"""

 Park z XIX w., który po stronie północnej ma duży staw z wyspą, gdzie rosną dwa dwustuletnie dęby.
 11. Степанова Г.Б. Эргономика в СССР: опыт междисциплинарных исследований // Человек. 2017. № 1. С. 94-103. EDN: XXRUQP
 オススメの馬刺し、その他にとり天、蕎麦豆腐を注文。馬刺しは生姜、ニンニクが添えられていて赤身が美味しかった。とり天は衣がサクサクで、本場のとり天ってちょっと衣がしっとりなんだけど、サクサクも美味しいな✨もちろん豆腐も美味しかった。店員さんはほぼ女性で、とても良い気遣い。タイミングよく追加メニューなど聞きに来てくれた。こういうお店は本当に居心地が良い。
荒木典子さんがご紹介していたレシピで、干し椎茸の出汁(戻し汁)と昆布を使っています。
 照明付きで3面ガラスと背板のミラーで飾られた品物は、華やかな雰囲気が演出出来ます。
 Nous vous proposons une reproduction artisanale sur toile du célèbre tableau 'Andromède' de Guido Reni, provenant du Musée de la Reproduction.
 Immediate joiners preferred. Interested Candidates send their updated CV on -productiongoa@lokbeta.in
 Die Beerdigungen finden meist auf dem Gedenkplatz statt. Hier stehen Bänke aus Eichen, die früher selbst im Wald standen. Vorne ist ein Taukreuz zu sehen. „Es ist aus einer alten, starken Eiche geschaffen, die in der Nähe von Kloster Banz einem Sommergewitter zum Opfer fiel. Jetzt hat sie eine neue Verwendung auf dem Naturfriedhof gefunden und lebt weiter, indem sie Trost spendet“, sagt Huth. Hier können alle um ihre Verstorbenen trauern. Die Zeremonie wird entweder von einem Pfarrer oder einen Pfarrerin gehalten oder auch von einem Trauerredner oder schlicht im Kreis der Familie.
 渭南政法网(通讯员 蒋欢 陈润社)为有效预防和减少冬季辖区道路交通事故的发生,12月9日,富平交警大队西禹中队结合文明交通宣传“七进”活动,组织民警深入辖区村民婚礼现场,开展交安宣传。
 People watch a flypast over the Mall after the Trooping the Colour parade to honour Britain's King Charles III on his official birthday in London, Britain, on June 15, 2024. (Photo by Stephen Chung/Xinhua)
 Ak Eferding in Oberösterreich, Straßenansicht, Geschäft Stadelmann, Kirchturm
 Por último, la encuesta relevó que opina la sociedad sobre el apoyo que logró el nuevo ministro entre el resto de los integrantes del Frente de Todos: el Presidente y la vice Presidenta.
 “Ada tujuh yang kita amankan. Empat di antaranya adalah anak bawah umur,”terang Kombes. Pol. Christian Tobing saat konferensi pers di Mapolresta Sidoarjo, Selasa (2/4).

"""
"""

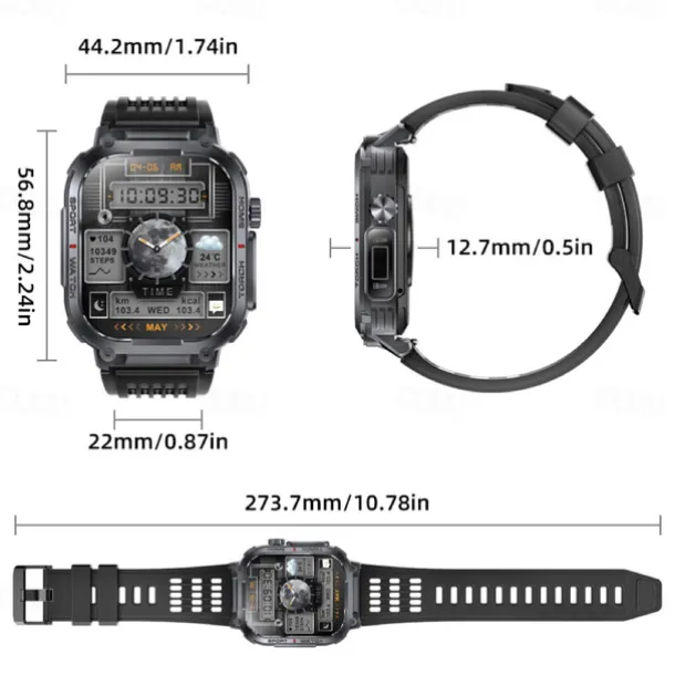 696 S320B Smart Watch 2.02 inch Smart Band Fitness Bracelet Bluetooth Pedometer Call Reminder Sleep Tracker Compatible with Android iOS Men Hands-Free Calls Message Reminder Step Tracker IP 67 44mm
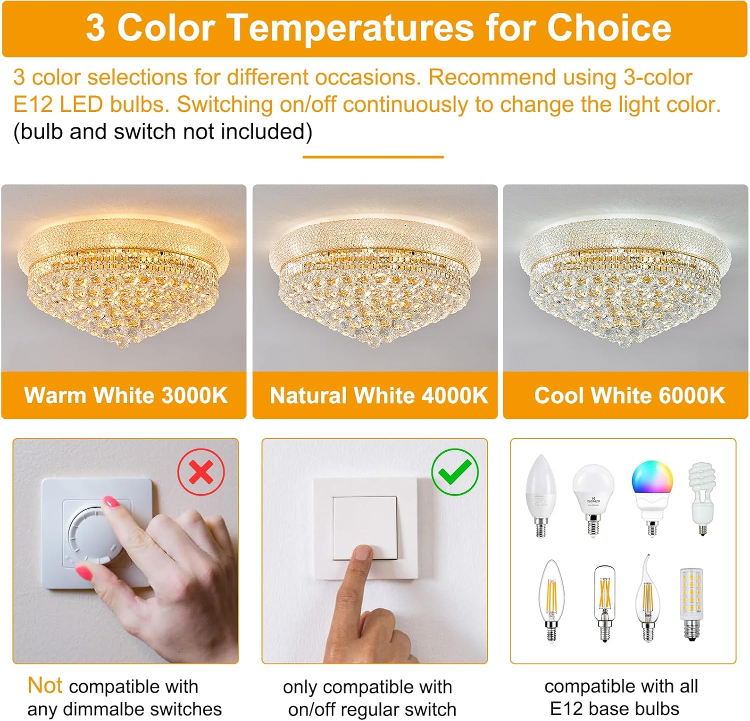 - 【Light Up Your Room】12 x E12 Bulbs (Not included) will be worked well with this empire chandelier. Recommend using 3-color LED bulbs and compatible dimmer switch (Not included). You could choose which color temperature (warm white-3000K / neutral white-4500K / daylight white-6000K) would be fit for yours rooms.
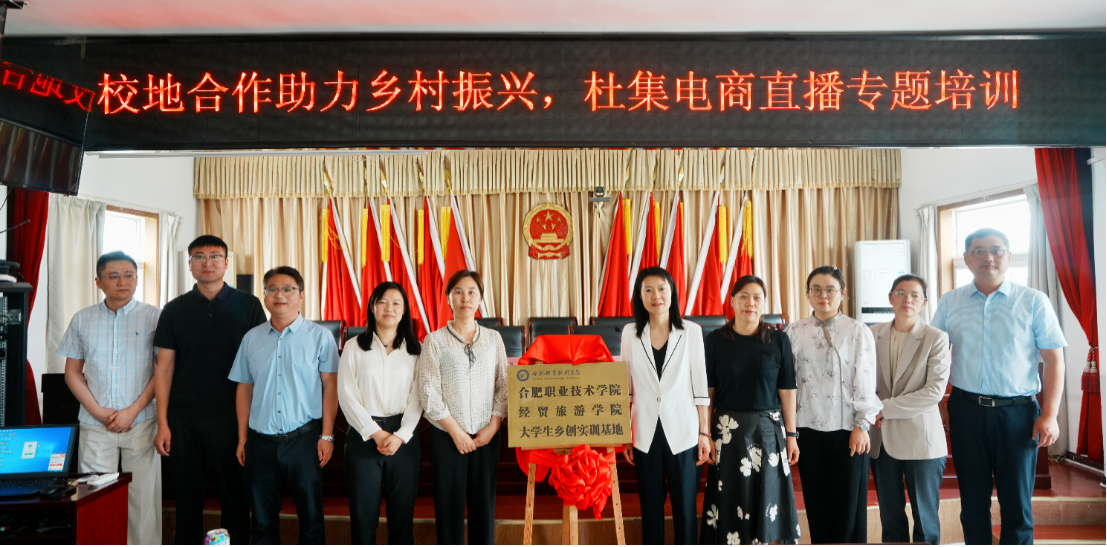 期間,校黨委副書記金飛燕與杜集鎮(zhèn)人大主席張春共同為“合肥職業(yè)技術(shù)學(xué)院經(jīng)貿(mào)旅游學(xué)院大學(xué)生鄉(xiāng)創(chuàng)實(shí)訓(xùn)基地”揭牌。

"""

▸ WHAT YOU ARE ASKED TO DO
Give back exactly the lines of the listing above that run from the line with "Park z XIX w., który" to the line with "Sidoarjo, Selasa (2/4).", inclusive.

▸ RESPONSE
 Park z XIX w., który po stronie północnej ma duży staw z wyspą, gdzie rosną dwa dwustuletnie dęby.
 11. Степанова Г.Б. Эргономика в СССР: опыт междисциплинарных исследований // Человек. 2017. № 1. С. 94-103. EDN: XXRUQP
 オススメの馬刺し、その他にとり天、蕎麦豆腐を注文。馬刺しは生姜、ニンニクが添えられていて赤身が美味しかった。とり天は衣がサクサクで、本場のとり天ってちょっと衣がしっとりなんだけど、サクサクも美味しいな✨もちろん豆腐も美味しかった。店員さんはほぼ女性で、とても良い気遣い。タイミングよく追加メニューなど聞きに来てくれた。こういうお店は本当に居心地が良い。
荒木典子さんがご紹介していたレシピで、干し椎茸の出汁(戻し汁)と昆布を使っています。
 照明付きで3面ガラスと背板のミラーで飾られた品物は、華やかな雰囲気が演出出来ます。
 Nous vous proposons une reproduction artisanale sur toile du célèbre tableau 'Andromède' de Guido Reni, provenant du Musée de la Reproduction.
 Immediate joiners preferred. Interested Candidates send their updated CV on -productiongoa@lokbeta.in
 Die Beerdigungen finden meist auf dem Gedenkplatz statt. Hier stehen Bänke aus Eichen, die früher selbst im Wald standen. Vorne ist ein Taukreuz zu sehen. „Es ist aus einer alten, starken Eiche geschaffen, die in der Nähe von Kloster Banz einem Sommergewitter zum Opfer fiel. Jetzt hat sie eine neue Verwendung auf dem Naturfriedhof gefunden und lebt weiter, indem sie Trost spendet“, sagt Huth. Hier können alle um ihre Verstorbenen trauern. Die Zeremonie wird entweder von einem Pfarrer oder einen Pfarrerin gehalten oder auch von einem Trauerredner oder schlicht im Kreis der Familie.
 渭南政法网(通讯员 蒋欢 陈润社)为有效预防和减少冬季辖区道路交通事故的发生,12月9日,富平交警大队西禹中队结合文明交通宣传“七进”活动,组织民警深入辖区村民婚礼现场,开展交安宣传。
 People watch a flypast over the Mall after the Trooping the Colour parade to honour Britain's King Charles III on his official birthday in London, Britain, on June 15, 2024. (Photo by Stephen Chung/Xinhua)
 Ak Eferding in Oberösterreich, Straßenansicht, Geschäft Stadelmann, Kirchturm
 Por último, la encuesta relevó que opina la sociedad sobre el apoyo que logró el nuevo ministro entre el resto de los integrantes del Frente de Todos: el Presidente y la vice Presidenta.
 “Ada tujuh yang kita amankan. Empat di antaranya adalah anak bawah umur,”terang Kombes. Pol. Christian Tobing saat konferensi pers di Mapolresta Sidoarjo, Selasa (2/4).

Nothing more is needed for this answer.